An approach to forecasting the potential for flash flood-producing storms is developed, using the notion of basic ingredients. Heavy precipitation is the result of sustained high rainfall rates. In turn, high rainfall rates involve the rapid ascent of air containing substantial water vapor and also depend on the precipitation efficiency. The duration of an event is associated with its speed of movement and the size of the system causing the event along the direction of system movement.

This leads naturally to a consideration of the meteorological processes by which these basic ingredients are brought together. A description of those processes and of the types of heavy precipitation-producing storms suggests some of the variety of ways in which heavy precipitation occurs. Since the right mixture of these ingredients can be found in a wide variety of synoptic and mesoscale situations, it is necessary to know which of the ingredients is critical in any given case. By knowing which of the ingredients is most important in any given case, forecasters can concentrate on recognition of the developing heavy precipitation potential as meteorological processes operate.
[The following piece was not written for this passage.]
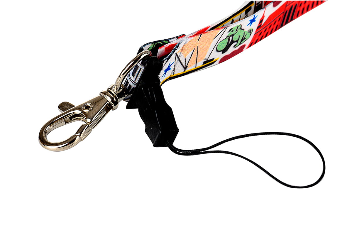 Smycz posiada zaczep do telefonu oraz metalowy karabińczyk.
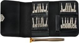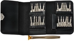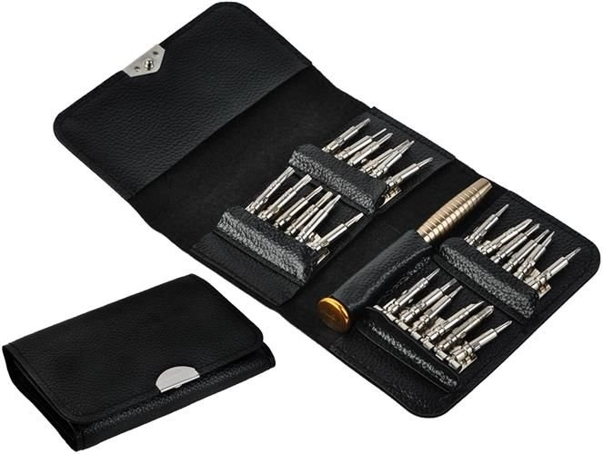 El juego de destornilladores de precisión 25 en 1 incluye un total de 24 puntas intercambiables y un mango base. Es ideal para el mantenimiento y reparación de la mayoría de dispositivos electrónicos disponibles en el mercado.

This also helps with the recognition of heavy rain events as they occur, a challenging problem if the potential for such events has not been anticipated.

Three brief case examples are presented to illustrate the procedure as it might be applied in operations. The cases are geographically diverse and even illustrate how a nonconvective heavy precipitation event fits within this methodology. The concept of ingredients-based forecasting is discussed as it might apply to a broader spectrum of forecast events than just flash flood forecasting.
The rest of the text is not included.